- What to do
From the listing below, reproduce exactly the lines starting with the one with "Spiżarnia otwarte półki" and going on through the one with "爱马.仕 经典款拖鞋 高端订制", both ends kept. No picture is copied.

- Extracted material
/---

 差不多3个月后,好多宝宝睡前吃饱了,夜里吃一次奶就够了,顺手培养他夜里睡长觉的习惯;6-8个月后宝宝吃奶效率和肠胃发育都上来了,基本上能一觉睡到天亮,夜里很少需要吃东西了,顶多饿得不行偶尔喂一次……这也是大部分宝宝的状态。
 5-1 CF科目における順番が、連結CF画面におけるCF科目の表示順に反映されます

\---
/---

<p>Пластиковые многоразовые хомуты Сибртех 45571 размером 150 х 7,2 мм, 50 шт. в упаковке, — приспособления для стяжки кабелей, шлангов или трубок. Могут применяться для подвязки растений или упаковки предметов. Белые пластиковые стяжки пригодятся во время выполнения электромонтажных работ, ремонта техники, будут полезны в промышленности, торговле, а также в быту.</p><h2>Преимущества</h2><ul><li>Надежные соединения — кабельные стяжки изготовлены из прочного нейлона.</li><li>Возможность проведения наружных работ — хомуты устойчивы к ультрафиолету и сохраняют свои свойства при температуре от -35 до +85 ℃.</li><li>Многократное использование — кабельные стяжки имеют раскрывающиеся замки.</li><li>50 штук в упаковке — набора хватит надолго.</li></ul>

\---
/---

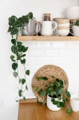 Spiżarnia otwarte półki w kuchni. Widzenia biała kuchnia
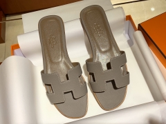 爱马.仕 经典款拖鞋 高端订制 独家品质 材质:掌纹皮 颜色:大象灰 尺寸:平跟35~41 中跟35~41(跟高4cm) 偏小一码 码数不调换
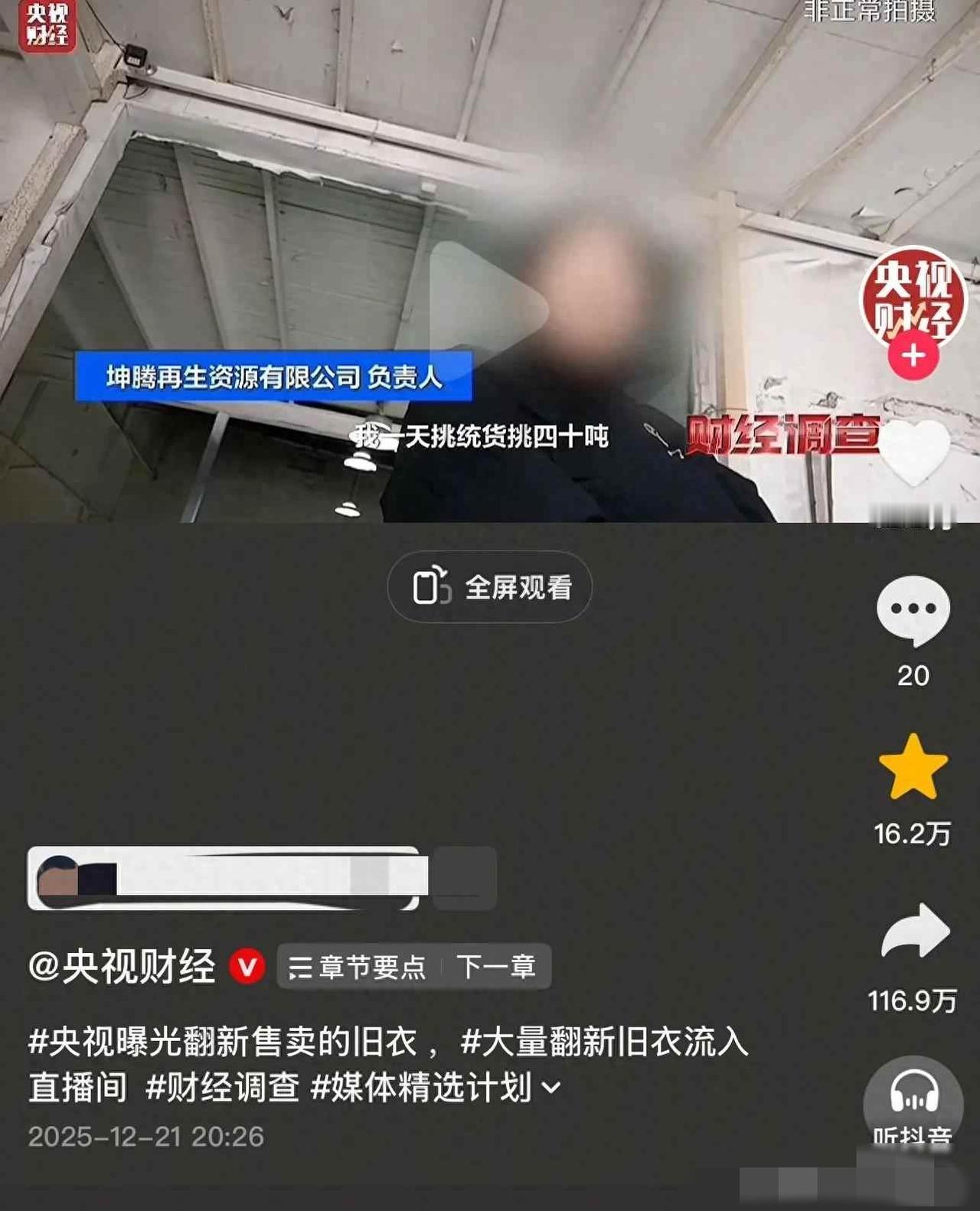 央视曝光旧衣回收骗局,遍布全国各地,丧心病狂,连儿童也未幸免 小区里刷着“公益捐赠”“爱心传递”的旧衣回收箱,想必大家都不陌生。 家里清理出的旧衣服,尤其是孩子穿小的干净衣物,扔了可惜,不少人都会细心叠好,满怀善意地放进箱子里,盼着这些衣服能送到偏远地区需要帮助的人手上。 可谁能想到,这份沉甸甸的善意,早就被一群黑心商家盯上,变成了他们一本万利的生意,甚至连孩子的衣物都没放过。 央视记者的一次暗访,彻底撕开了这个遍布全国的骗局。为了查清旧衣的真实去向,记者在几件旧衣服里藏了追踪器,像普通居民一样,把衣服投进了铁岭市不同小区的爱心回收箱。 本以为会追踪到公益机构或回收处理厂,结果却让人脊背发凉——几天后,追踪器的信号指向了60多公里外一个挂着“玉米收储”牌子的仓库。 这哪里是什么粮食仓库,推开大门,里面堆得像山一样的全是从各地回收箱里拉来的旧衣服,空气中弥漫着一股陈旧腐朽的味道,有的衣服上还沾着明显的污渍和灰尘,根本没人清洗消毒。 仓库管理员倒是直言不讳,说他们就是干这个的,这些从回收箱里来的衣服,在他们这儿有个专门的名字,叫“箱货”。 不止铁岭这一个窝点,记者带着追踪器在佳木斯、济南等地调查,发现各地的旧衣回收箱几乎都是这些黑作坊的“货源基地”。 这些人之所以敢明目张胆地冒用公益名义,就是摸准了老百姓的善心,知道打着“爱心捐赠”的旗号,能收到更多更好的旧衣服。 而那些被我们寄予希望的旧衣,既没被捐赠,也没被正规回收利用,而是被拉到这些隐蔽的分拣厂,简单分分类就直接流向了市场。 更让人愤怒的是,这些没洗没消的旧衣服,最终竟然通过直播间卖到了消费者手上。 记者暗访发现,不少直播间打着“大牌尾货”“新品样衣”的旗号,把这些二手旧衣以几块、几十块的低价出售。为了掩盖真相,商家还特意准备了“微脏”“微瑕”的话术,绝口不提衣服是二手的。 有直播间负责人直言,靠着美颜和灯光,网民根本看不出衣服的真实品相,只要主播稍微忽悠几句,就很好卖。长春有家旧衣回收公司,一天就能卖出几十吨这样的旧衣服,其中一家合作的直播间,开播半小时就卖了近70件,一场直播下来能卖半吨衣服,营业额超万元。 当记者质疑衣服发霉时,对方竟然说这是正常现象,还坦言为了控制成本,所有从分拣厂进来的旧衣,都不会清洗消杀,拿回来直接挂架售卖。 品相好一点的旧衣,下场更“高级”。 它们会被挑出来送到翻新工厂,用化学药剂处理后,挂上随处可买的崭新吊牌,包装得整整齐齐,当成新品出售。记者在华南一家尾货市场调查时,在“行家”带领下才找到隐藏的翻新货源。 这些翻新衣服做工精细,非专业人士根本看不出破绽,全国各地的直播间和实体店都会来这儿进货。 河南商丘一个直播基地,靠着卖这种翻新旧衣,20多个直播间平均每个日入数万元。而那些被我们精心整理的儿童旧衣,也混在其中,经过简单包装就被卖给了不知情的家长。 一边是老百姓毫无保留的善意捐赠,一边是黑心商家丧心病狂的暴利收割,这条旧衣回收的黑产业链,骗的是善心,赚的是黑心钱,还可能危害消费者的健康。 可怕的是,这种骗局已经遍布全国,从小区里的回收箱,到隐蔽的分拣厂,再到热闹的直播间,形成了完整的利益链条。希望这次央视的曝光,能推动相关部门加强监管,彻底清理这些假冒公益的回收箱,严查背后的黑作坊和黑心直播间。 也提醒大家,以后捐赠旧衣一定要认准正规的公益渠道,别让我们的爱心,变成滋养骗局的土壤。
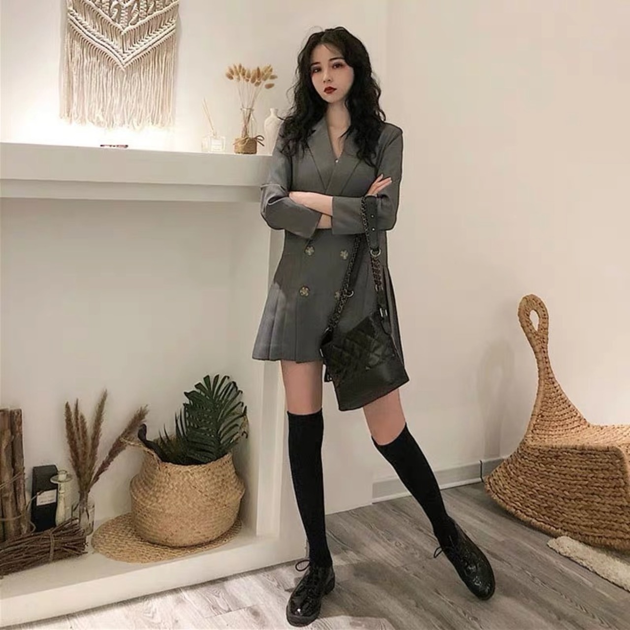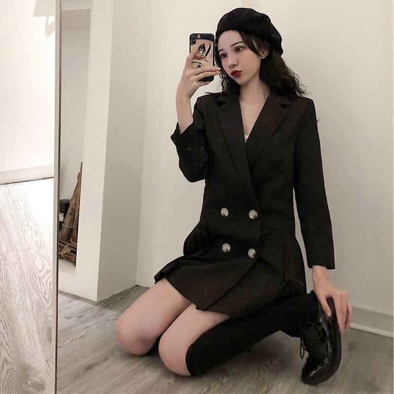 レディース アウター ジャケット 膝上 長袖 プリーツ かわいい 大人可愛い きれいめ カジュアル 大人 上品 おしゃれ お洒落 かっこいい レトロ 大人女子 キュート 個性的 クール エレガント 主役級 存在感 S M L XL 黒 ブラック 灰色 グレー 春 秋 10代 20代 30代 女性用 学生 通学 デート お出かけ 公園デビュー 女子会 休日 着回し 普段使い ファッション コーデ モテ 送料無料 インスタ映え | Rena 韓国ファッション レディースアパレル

\---

- Response box
 Spiżarnia otwarte półki w kuchni. Widzenia biała kuchnia
 爱马.仕 经典款拖鞋 高端订制 独家品质 材质:掌纹皮 颜色:大象灰 尺寸:平跟35~41 中跟35~41(跟高4cm) 偏小一码 码数不调换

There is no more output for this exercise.